Bond markets reacted positively yesterday to the Government’s deal on promissory notes, but ratings agencies have so far made no formal move to upgrade their view on Irish debt.
Expectations are now growing that the NTMA, the body charged with managing the State’s funding, will imminently seek to tap into the favourable mood by issuing a new 10-year bond.
Such an issue, if successful, would place considerable pressure on ratings agencies to reconsider their position on Irish debt. This in turn would ease the State’s path towards a full return to bond markets and exit of the bailout.

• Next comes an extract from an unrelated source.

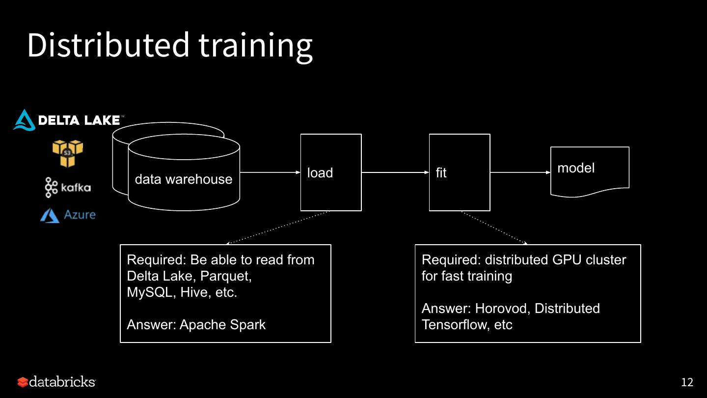 12 .Distributed training load fit model data warehouse Required: Be able to read from Required: distributed GPU cluster Delta Lake, Parquet, for fast training MySQL, Hive, etc. Answer: Horovod, Distributed Answer: Apache Spark Tensorflow, etc 12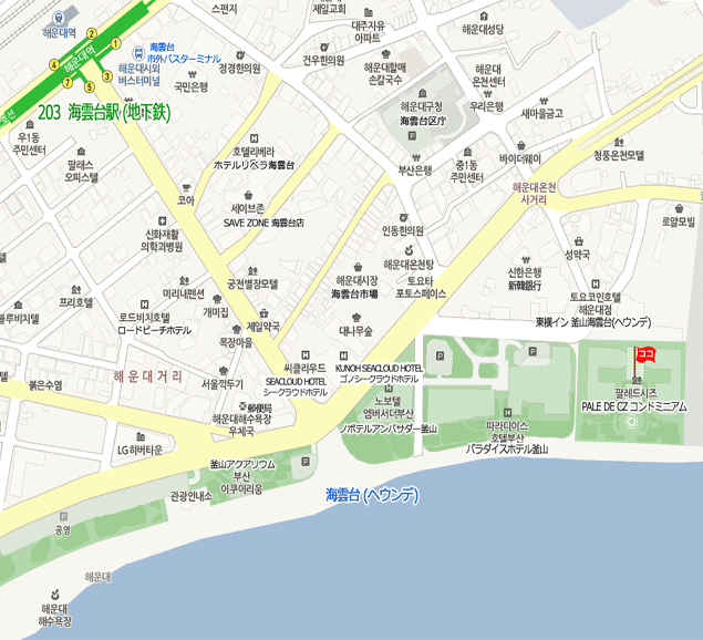 PALE DE CZ(パレドシズ)コンドミニアムは、カジノで有名な釜山パラダイスホテルのお隣に位置する高級コンドミニアムで海雲台ビーチが目の前の絶好なロケーションにあります。地下3階地上17階建のガラス張りの建物には客室の他にファーストフードやレストラン、コンビニエンスストア、カフェといった商業施設が多数並んでいますので食事やちょっとした買い物にも不便がありません。お隣は、カジノや免税店も併設したパラダイスホテルですので、ナイトライフやショッピングにも困りません。また建物内にはフィットネスジムや室内プール、ゴルフ練習場、会議室などの付帯施設も充実し、フィットネスやプールは利用客には一室2名様まで無料で開放されています。

The NTMA declined to comment yesterday.
Fitch, one of the three main such agencies, said that while the promissory note deal was “a positive surprise” it did not sufficiently affect the dynamics of Irish debt to change its analysts’ assessment “in the short run”.
The agency said risks it had previously highlighted, such as the weak outlook for economic growth, remained in place.

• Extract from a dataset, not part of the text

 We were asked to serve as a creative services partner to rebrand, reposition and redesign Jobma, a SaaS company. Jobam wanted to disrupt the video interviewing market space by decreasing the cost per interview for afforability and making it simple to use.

Fellow agency Moody’s noted on Thursday that the deal was a “credit positive” for Irish debt, but again stopped short of a move on its rating. Standard Poor’s, the third prominent ratings agency, made no move aside from saying it was withdrawing its rating on IBRC upon its liquidation.
Five-year bonds
Feedback came more quickly on the markets, with yields on Irish five-year bonds falling to their lowest level in more than seven years. The fall, of 10 basis points, or 0.1 percentage point, to 2.81 per cent, came in the wake of steady declines in Irish bond yields over recent months.

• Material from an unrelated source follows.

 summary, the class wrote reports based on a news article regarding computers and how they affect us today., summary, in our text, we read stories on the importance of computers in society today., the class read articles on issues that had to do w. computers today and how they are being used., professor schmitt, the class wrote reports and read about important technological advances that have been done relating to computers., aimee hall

Anthony Childs, a bond specialist at stockbroking firm Davy, said the promissory note agreement made a 10-year issue from the NTMA “much more viable at attractive levels”. He suggested that such an issue could be priced roughly between 4.25 and 4.4 per cent and would attract “huge demand”. The Republic does not have a 10-year bond in issue at the moment.
“We’ve definitely punched into new territory,” Mr Childs said of the reaction to the Project Red deal.
Owen Callan, a fixed income dealer at Danske Bank Markets, said the NTMA could move to issue debt within three to four weeks, which would improve the chances of an upgrade from ratings agencies.
He noted, however, that agencies were “a bit like supertankers” in that it takes a long time for them to turn around.